Hi Tom,
Thanks for the quick reply. It would be nice to be able to use the modified amino acids in the future. We have a couple dozen structures of the same protein with different ligands, so it adds up to quite a bit of editing.

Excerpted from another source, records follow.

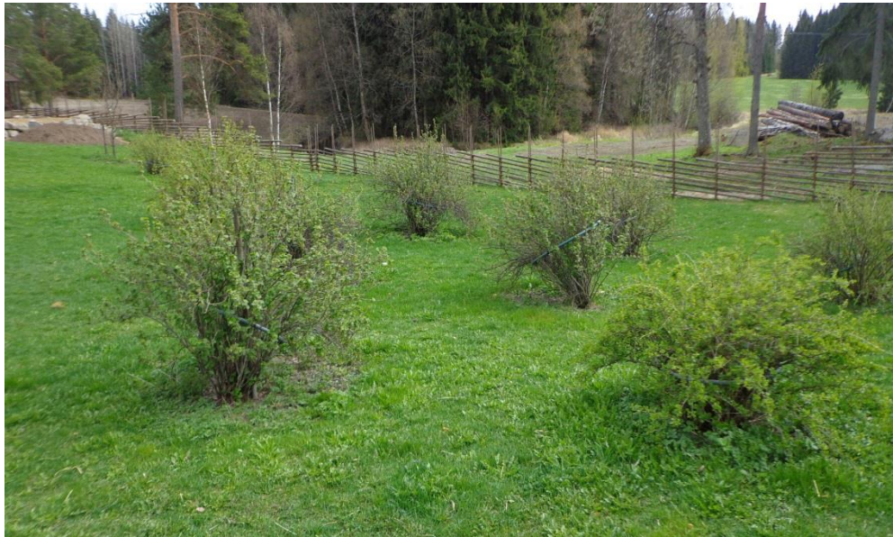
Kuva 5. Green Care -toimintaa aloittavan maatilan pihapiirissä on marjapensaita. Takana oleva risuaita sopii hyvin maisemaa, mutta sen lisäksi määrittää myös turvallisen pihapiirin rajat.

Perinteisesti maataloilla, talouskeskuksessa on sijainnut jonkinlainen puutarhaympäristö, marjapensaita ja hedelmäpuita. Myös koristekasvit kuuluvat perinteiseen maatilaympäristöön. Jos maatilalla ei ole tällä hetkellä käytössä olevaa puutarhaa, on siellä varmasti kuitenkin puitteet sellainen perustaa. Puutarhoja on myös mahdollisuus kunnostaa hyvinvointipalvelujen käyttöön tai samalla hyvinvointipalveluja tuottaen. Haastatelluilla maataloilla kumpikaan ei varsinaisesti hyödyntänyt puutarhaa omissa hyvinvointipalveluissa, mutta toimintaa aloittavan lammastilan koko pihapiiri tulisi olemaan työtoiminnan käytössä, joten puutarhan hoitoon liittyvää puuhaa varmasti löytyy. Myös hoivayrittäjän haastattelussa tuli selvästi esiin se, että viherkasvit ovat jo sisätiloissa ympäri vuoden asukkaille tärkeitä ja he myös hoitavat niitä. Kesällä hoivakodin parvekkeelle perustetaan pieni puutarha kukkineen ja yrteineen.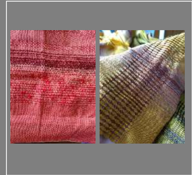
Pruebas a escala Muestras Prototipos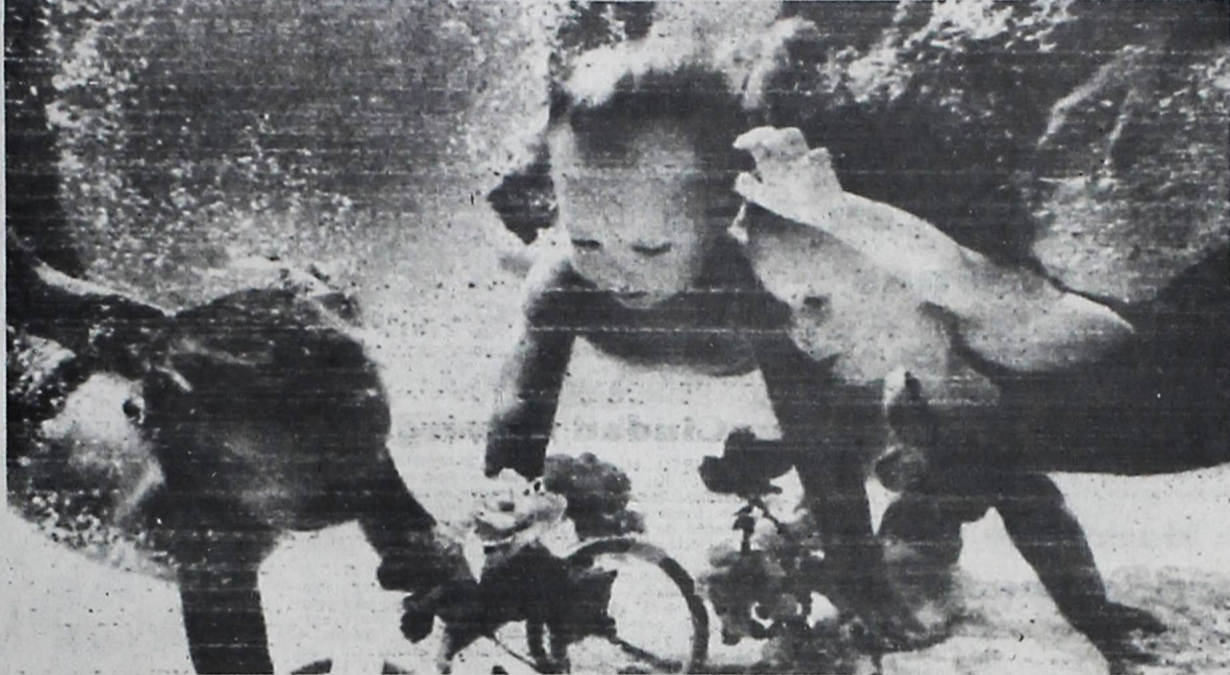
CAMPEONES.—Tres alumnos, de dos años, de un curso especial de natación para niños de edad preescolar recogen flores del fondo de una piscina. (AIKEN - CAROLINA DEL SUR, 19 de julio).

La ventajosa de Moscú parecía increíble. Se tuvo una idea de ella cuando el 12 de abril de 1961 el primer cosmonauta humano, Yuri Gagarin, era lanzado a bordo de la cápsula "VOSJOD I" y circulaba la Tierra durante poco más de una hora en una sola órbita.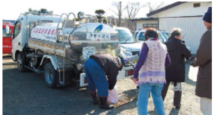
東日本大震災の被災地で行った給水活動

これまでの地震災害状況からも、各地の水道局からの応援による避難所などへの給水活動ができるようになるまでは、地震発生から3日程度かかるといわれています。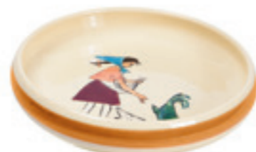
Kinderteller Flurina mit Huhn Ø 18 cm hoher Rand 39517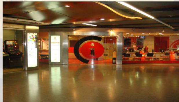
CIAC – Oficina d'Atenció al Client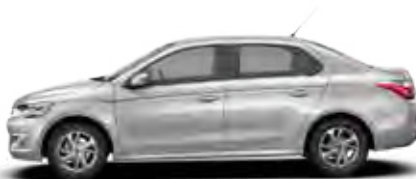
SIVA ALUMINIUM (K)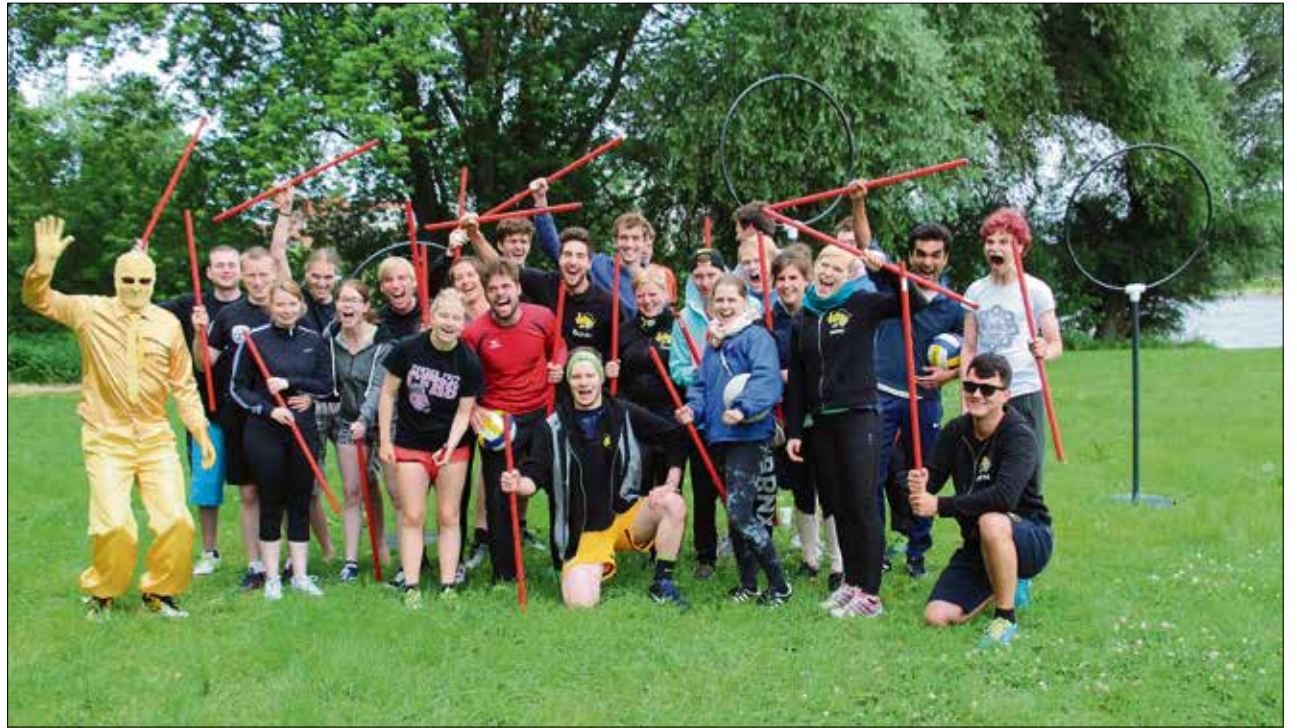
Fun-Sportart Quidditch: Das zu fangende Objekt war eine Socke, die eine golden gekleidete Person im Hosenbund stecken hatte.

Rund 270 Aktive kamen am 16. und 17. Juni nach Riesa. »Wir hätten Kapazitäten für mehr Teilnehmer gehabt, sind aber dennoch mit dieser Zahl zufrieden: Denn an diesen Tagen fanden parallel mehrere andere attraktive Veranstaltungen statt, wie die BRN in Dresden oder die Lange Nacht der Wissenschaften«, sagt Julia Freitag, USZ-Mitarbeiterin und Geschäftsführerin der LHS. »Unser Ziel war, dass sich Studenten auf sportlicher Basis messen

I tried your suggestion and got this:
Last login: Fri Jan 14 13:26:20 on ttys000
knettles$ source /usr/local/phenix-1.6.4-486/phenix_env.sh
knettles$ phenix.autobuild show_facts | grep semet
Sorry semet = False
: No current run to carry on with...cannot use carry_on
I didn’t input a parameters file, and there is no semet in the structure. The autobuild.eff file says:
model_building {
build_type = *RESOLVE RESOLVE_AND_BUCCANEER
allow_negative_residues = False
highest_resno = "697"
semet = False
use_met_in_align = Auto True *False
Any other ideas about where it could be coming from?
Best regards,
Kendall
On 1/19/11 11:26 AM, "Thomas C. Terwilliger" <[email protected]> wrote:
Hi Kendall,
I can help with the first problem at least...
Can you try this:
phenix.autobuild show_facts | grep semet
That should yield (if everything is normal):
phenix.autobuild show_facts | grep semet
semet = False
default_semet 0
semet "False"
If it says semet True ...then we need to figure out where the True is
coming from. Possibilities: (1) somewhere in your parameters file, (2)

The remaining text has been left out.